Mas não foi preciso que ele passasse mal de saúde: bastou a sua chegada à Polícia Federal, depois de um fim-de-semana ainda triunfante em Campos do Jordão, para que a vontade de ver Maluf entre as grades fosse substituída por um certo prurido compassivo, por uma certa hesitação de sensibilidade. Algumas circunstâncias ajudam a explicar a nova atitude.
O fato de pai e filho estarem juntos na prisão, por exemplo, tinge de valores tradicionais -a lealdade do sangue, a comunhão estreita de destinos, a desgraça duplicada e repartida- o registro da operação policial.
Outra cena, muito divulgada, também inscreve o episódio na linha do caseiro, do doméstico -e, portanto, do frágil, do desprotegido, do não-estatal.
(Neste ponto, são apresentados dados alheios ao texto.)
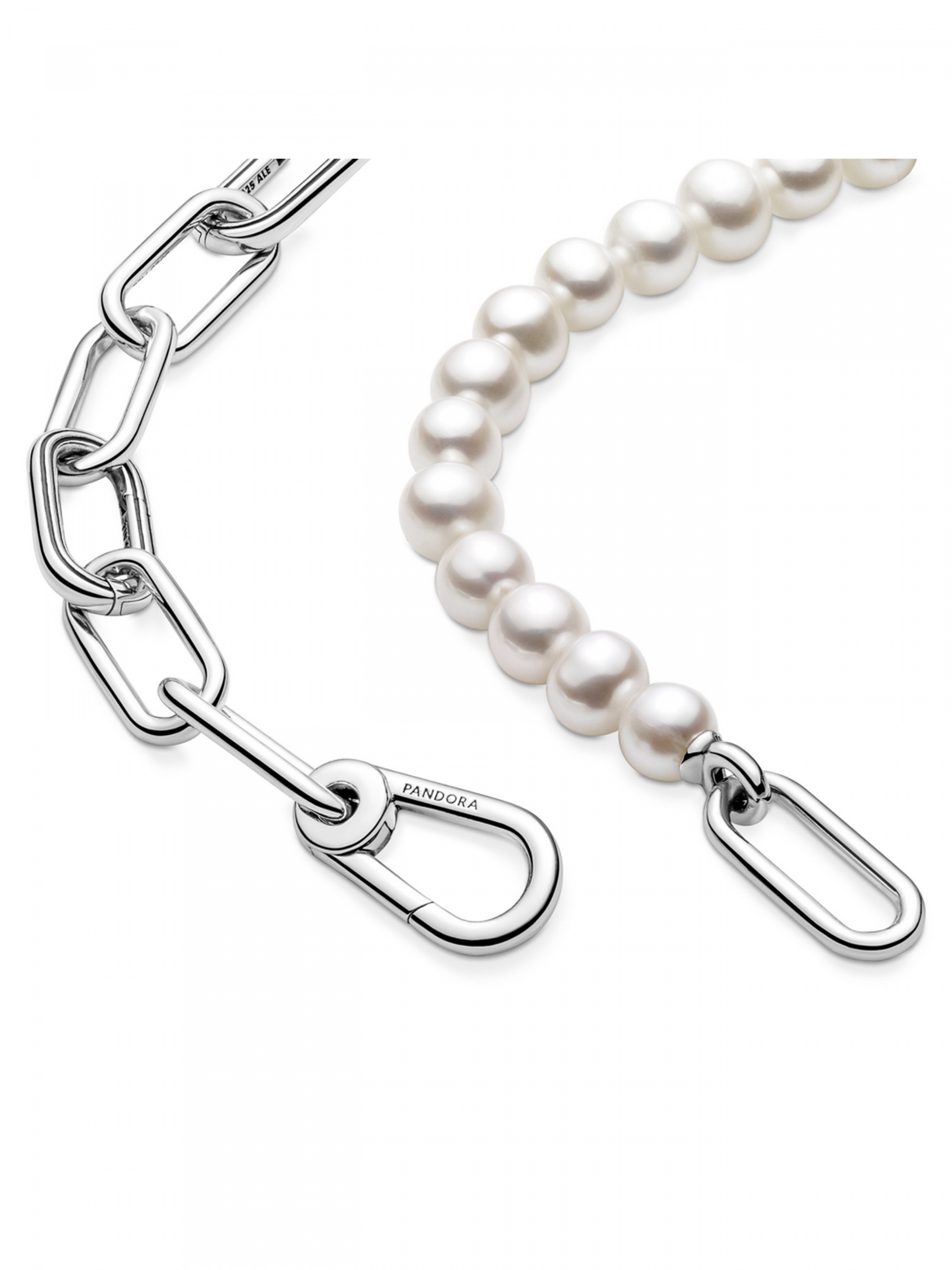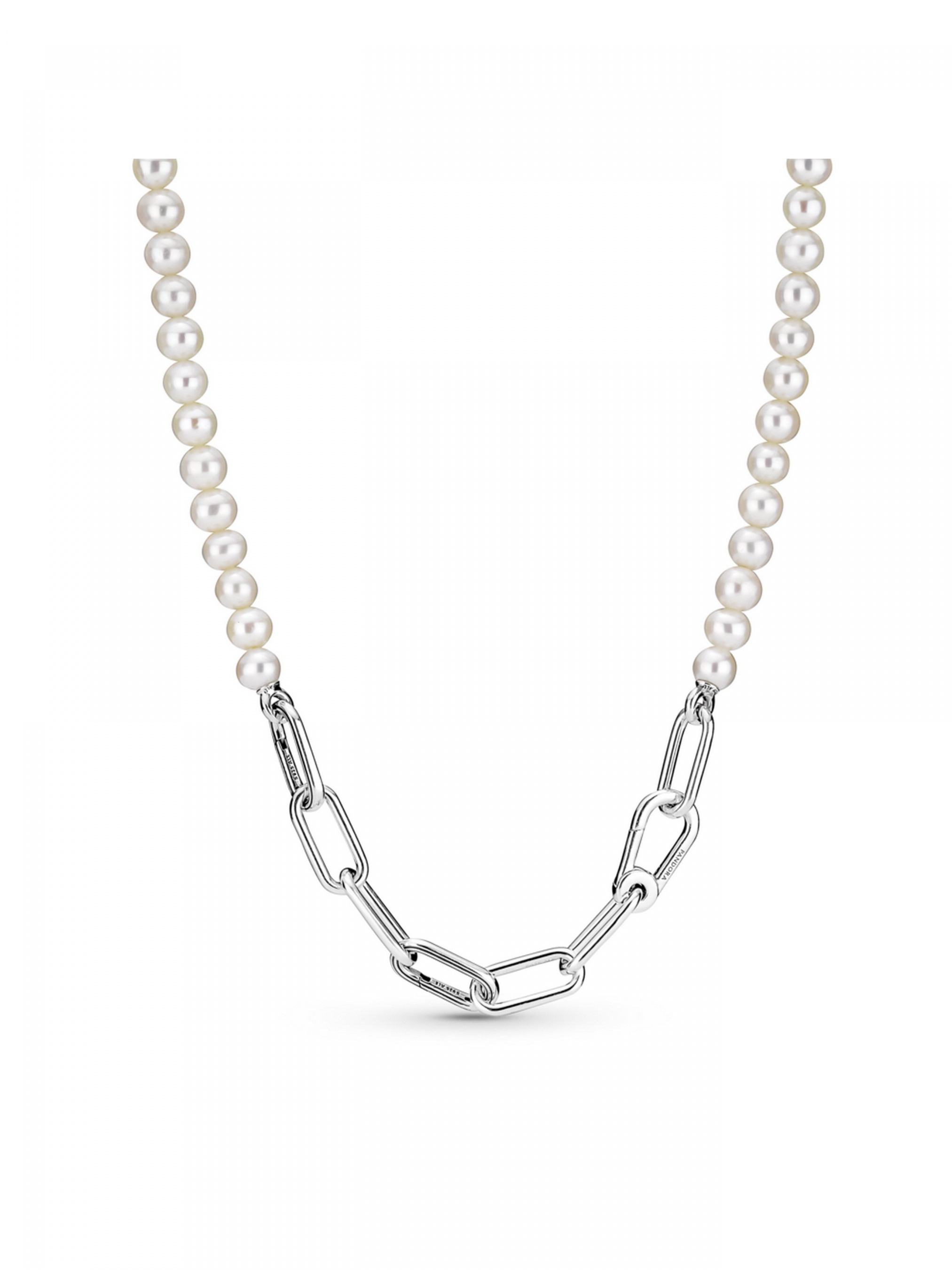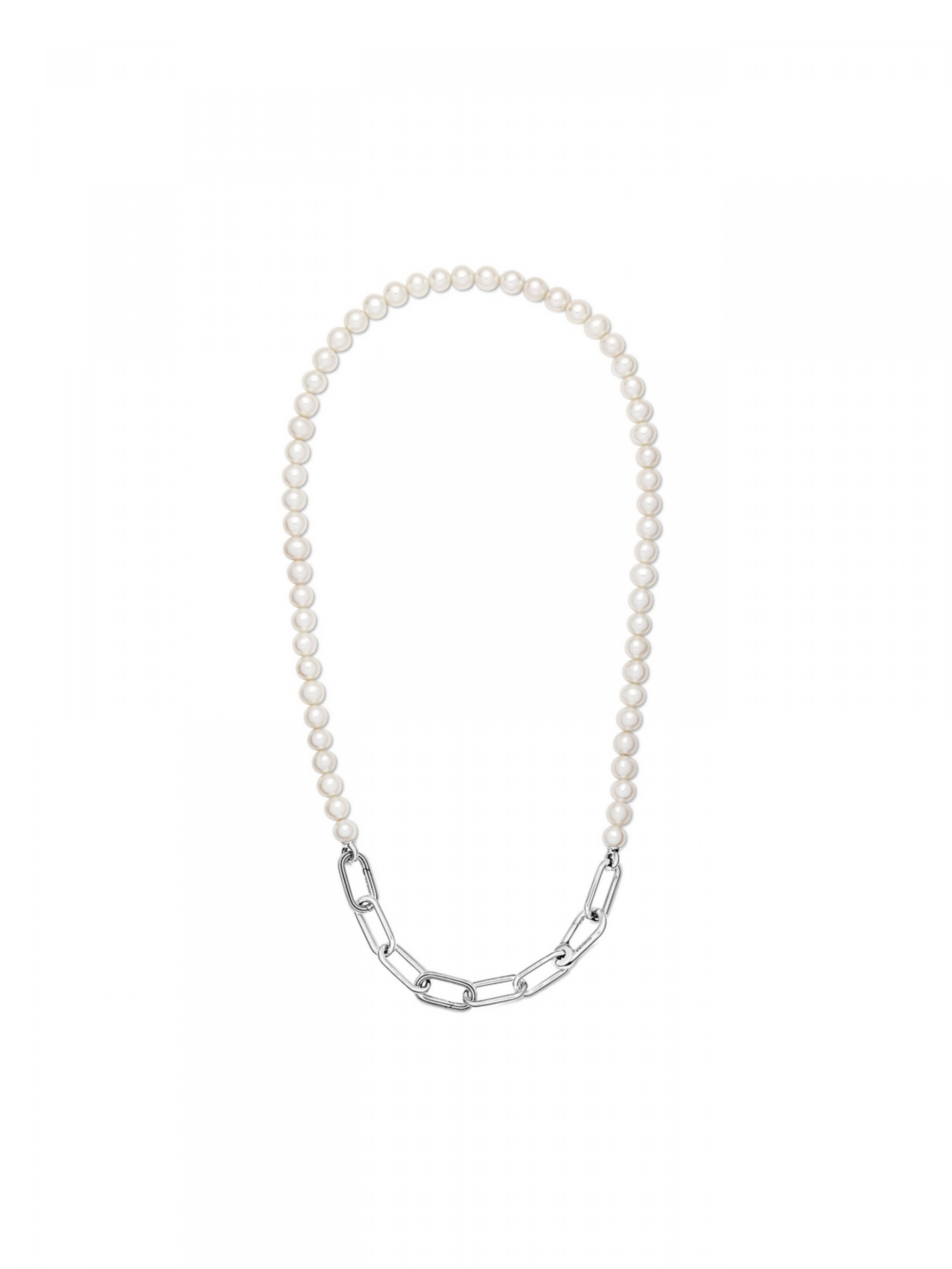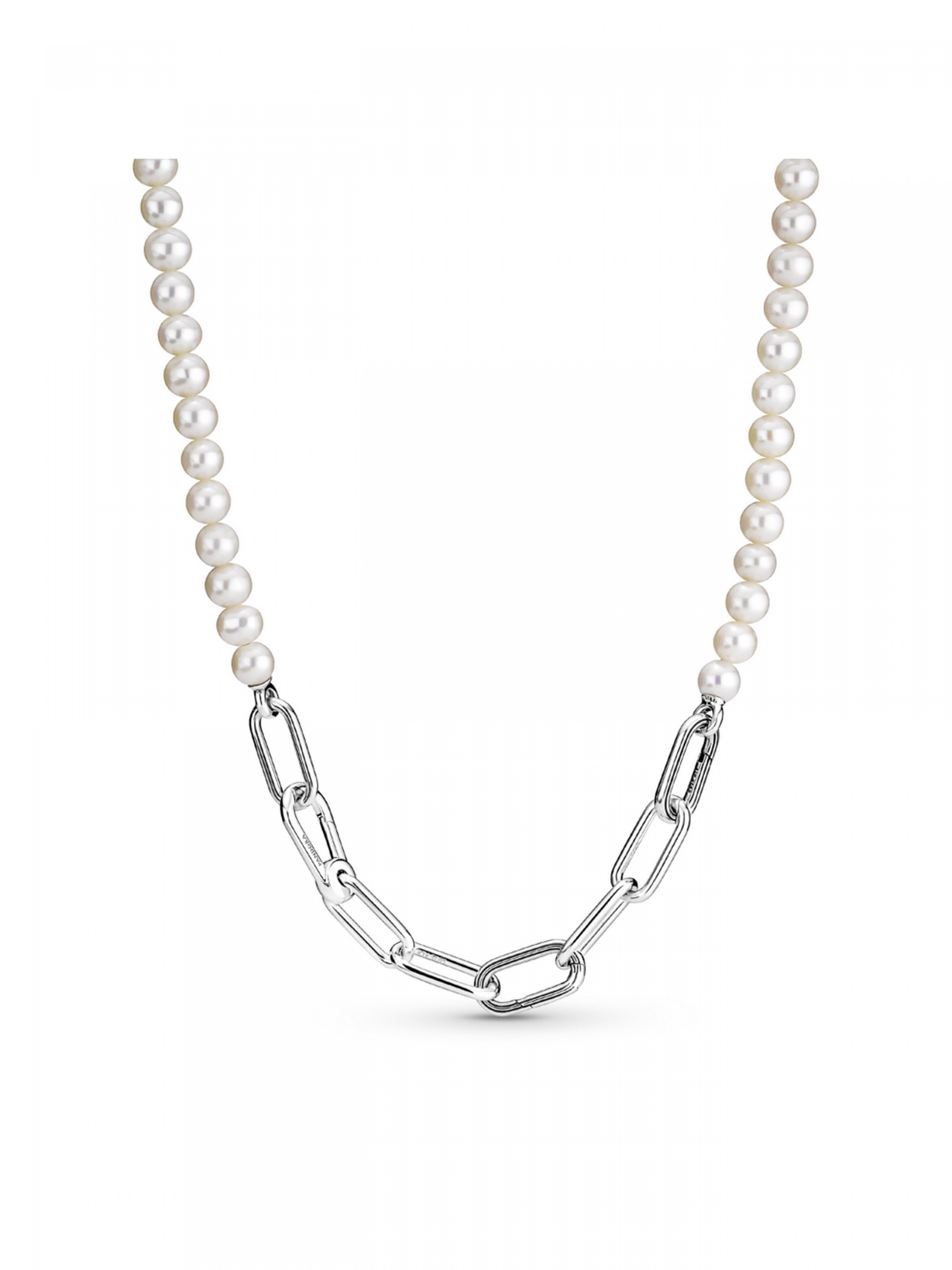 Намисто з прісноводними культивованими перлами Pandora ME — це класична прикраса з перлами у новій інтерпретації, що відкриває безмежні можливості для персоналізації дизайну. Намисто доповнено двома рельєфними з'єднувачами, що відкриваються. Між ними та застібкою-карабіном розташований рядочок прісноводних культивованих перлів, що зачаровує своєю красою. Спочатку персоналізуйте дизайн ланцюжка: один набір з'єднаних між собою ланок для стилізації можна замінити на одну подвійну ланку для стилізації або одну ланку для стилізації, при цьому ви можете, за необхідності, відкоригувати довжину ланцюжка. Персоналізований ланцюжок із ланок можна доповнити змістовними медальйонами, закріпивши їх на ланках для стилізації та з'єднувачах, і міні-підвісками, які кріпляться на з'єднувачах для стилізації, що відкриваються.

Foi quando o fiel Salim Curiati apareceu na porta da Polícia Federal querendo entregar uma singela bandeja de quibes para seu mentor político. A vontade quase maternal de cuidar de Maluf, de alimentá-lo com um prato substancioso, alusivo a uma origem familiar comum, parecia torná-lo também um filho ao lado do próprio filho.
Além disso, a idade já avançada do ex-prefeito diminui a sua agressividade; encolhido no banco de trás de um carro policial, é como se Maluf não fosse mais a mesma pessoa que, pescoço esticado para a frente num esgar vitorioso, tantas vezes se impusera à vista dos cidadãos atônitos.
A questão básica não é essa, claro. Já longe do poder, Maluf parece relativamente inofensivo, e a comparação de seu caso com a leva de escândalos e imoralidades mais recentes se impõe.
O que em primeiro lugar talvez desperte piedade, na figura de Maluf, é o seu estado de atual silêncio: contrasta com a tagarelice, a multiplicidade de vozes, de defensores, de fanfarronices complexas e argumentos milionários de que se cerca o atual governo para abafar o que se passa. Em segundo lugar, Maluf chama a atenção pelo aspecto rudimentar de seu caso, de suas negativas, de seus recursos retóricos. A sofisticação dos atuais donos do poder para negar a realidade, por meio de um tentacular aparelhamento da filosofia política e das ciências sociais, misturado a técnicas de "autocrítica" de um cinismo neo-soviético, confere um sabor nostálgico e retrospectivo aos monocórdicos negaceios malufistas.
O ex-prefeito, ademais, está sozinho; não conta com tropa de choque; não tem a seu lado nem sombra dos "300 picaretas" que, em tempos mais austeros, Lula julgou identificar no Congresso Nacional. Para Maluf, não há como politizar a conversa nem como se fazer vítima da luta de classes. Isso não torna injusta a sua prisão; mas seu caso, hoje em dia, ganha a simplicidade comovente, imediata e fungível de um mero prato de quibes; coisa pobrezinha, de fato, se comparada à multipartidária, multicolorida, multiplicada pizza que o governismo trata de elaborar atualmente.